It was a wonderful hailstorm; the iron roof roared under it. You couldn’t see fifty yards from the veranda. The ground whitened with hail while you watched. We stood admiring the transformation, pointing out the big fellows—like pigeons’ eggs—and exclaiming over the way the hail danced back from the veranda ledge. We hadn’t thought of it knocking every blossom from the raspberry-canes.
Just then we saw Mr Sims coming towards the house from the lower cultivation. He wasn’t running. Indifferent to the pelting hail, he was walking more heavily than usual, and his shoulders were more drooped. We remembered the raspberry-canes then.
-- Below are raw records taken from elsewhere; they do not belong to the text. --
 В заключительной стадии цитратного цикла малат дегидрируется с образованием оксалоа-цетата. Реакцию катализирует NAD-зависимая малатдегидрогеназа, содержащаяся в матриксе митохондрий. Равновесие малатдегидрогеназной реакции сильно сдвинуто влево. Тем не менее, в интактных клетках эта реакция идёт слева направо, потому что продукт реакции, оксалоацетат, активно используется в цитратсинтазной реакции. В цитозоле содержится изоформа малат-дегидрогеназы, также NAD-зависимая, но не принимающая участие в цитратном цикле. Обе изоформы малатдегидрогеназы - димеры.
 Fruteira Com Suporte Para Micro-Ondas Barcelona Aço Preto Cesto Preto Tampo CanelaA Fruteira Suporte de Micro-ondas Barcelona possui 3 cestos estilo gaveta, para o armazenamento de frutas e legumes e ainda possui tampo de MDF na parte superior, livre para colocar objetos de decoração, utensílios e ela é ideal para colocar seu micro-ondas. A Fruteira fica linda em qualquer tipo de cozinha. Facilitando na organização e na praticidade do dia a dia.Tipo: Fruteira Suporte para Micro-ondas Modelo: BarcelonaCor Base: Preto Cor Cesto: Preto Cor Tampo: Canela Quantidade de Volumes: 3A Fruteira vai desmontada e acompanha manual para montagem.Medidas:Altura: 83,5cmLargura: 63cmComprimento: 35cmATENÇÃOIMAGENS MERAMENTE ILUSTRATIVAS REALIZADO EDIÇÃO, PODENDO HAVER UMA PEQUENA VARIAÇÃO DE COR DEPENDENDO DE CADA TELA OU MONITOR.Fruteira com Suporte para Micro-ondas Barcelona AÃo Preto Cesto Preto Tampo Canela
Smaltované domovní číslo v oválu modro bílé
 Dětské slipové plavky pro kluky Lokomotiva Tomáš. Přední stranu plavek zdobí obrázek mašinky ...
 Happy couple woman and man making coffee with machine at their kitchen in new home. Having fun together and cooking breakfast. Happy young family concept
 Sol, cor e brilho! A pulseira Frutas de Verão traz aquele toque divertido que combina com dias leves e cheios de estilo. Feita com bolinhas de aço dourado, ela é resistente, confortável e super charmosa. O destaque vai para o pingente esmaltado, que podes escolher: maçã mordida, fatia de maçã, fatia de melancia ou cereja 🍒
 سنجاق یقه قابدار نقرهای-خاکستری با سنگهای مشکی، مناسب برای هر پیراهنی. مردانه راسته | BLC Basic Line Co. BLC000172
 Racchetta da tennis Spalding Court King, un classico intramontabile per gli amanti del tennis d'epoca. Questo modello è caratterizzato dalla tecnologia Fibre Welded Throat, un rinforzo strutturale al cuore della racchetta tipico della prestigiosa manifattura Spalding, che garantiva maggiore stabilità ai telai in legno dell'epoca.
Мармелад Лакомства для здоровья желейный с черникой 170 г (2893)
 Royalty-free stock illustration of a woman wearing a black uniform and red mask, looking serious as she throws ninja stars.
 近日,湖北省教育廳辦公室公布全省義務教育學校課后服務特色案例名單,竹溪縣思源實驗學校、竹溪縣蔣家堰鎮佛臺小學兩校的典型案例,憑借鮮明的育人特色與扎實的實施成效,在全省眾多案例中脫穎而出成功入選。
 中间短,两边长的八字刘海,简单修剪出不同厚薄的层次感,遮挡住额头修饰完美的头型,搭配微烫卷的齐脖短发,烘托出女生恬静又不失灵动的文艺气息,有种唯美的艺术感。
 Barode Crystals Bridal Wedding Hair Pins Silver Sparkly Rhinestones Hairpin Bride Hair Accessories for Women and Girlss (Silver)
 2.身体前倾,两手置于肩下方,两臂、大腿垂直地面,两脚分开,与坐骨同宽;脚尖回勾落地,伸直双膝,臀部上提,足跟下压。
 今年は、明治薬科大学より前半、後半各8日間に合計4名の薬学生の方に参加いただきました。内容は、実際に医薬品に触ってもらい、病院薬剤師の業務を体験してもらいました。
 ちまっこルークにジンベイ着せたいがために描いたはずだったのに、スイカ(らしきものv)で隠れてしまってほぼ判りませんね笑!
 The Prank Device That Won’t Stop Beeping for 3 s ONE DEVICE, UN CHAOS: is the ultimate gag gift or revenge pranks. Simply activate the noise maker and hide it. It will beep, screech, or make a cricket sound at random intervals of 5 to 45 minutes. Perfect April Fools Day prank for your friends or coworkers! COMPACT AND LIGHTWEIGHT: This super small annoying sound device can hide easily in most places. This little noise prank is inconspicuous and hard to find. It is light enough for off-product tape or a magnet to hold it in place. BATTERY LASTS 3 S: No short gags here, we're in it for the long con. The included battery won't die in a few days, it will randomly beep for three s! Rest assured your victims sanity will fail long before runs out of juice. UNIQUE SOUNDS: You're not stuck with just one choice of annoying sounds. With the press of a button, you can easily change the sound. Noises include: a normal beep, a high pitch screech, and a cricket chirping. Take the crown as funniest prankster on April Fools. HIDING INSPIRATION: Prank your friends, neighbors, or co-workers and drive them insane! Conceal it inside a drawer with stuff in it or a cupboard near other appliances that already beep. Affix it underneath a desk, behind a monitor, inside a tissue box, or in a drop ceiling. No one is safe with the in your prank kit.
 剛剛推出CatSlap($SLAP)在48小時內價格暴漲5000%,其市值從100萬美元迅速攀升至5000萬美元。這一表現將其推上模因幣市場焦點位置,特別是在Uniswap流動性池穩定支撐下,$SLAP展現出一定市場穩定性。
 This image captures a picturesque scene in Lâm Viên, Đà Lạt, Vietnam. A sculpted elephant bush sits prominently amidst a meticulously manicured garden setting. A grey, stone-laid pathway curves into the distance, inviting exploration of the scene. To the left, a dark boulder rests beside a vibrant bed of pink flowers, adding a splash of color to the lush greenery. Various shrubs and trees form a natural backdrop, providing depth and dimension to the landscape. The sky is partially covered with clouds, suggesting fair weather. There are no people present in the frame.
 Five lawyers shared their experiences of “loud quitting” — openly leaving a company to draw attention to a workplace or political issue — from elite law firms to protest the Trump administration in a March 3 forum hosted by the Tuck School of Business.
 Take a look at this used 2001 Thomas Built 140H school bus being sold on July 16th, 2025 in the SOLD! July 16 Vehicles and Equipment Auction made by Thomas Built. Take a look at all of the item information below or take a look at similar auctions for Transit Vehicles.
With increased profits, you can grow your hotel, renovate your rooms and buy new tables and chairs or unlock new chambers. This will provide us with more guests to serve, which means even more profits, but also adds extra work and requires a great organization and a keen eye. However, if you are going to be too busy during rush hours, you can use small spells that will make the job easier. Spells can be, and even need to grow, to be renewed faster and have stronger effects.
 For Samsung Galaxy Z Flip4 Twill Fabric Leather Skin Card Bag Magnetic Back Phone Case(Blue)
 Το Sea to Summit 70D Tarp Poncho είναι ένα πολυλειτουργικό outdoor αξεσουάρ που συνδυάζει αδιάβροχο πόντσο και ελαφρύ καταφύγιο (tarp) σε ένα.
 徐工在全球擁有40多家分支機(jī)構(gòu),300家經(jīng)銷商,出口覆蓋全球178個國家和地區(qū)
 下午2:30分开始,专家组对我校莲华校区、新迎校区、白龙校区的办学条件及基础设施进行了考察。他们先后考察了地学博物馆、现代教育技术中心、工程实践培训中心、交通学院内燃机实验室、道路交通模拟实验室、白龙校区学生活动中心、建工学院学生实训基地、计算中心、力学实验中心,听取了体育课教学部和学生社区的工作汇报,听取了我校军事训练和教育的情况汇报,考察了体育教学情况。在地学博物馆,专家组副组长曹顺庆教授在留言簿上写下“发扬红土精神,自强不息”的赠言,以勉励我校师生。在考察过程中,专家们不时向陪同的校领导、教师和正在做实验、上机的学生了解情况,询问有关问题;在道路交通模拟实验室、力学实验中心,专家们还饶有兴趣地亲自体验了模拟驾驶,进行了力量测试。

Our voices were hushed and our eyes fixed on him.
Within a few yards of the veranda he stopped and lifted a haggard face and a clenched fist to the sky, and shouted, “Send it down! Send it down, Hughie!”
His wife gasped in the doorway. “Oh, Arthur,” she cried, “you shouldn’t speak like that!” And she drew back into the shadows of the kitchen.
Mr Sims shouldered past us to the end of the veranda, and stood looking out, his hands clutching the rail. His face was no longer tan, but grey. He turned and spoke as if his outburst demanded justification. “That’s a yuur’s work gone in less than two minutes!” he said, and turned grimly to watch the hail again.
We were silent. His arms, from shoulder to the hands gripping the veranda rail, were shaking. He spoke again. “And half the next yuur’s livin’ gone with it!” he added. Soon afterwards he slumped down on the slab wash-bench and was lost to us in hopeful reckonings and bleak meditation.
The storm passed shortly after. The air cleared and all the earth was white. The trunks of the trees in the bush paddock lookedlike charcoal marks on paper. Then the sun shone forth, and all the world sparkled like fairyland. But we could take no delight in it. The farmer’s loss was heavy on us. It seemed as if all his hope lay under a shroud of bright ice.
You’d have thought that a blow like that would have sunk Mr Sims for ever, but he came right side up again. Perhaps despondency was a luxury beyond his means. At any rate, within a few days we had begun work—”to take advantage of the cool weather”—on a new bit of clearing. It was in the following weeks that I learnt what it meant to uproot and destroy the forest. It was during the later part of these weeks, too, that I heard Mr Sims, as if misfortune and disaster were unheard of things, recalling with satisfaction the epic days when he and Ernie began in the virgin bush.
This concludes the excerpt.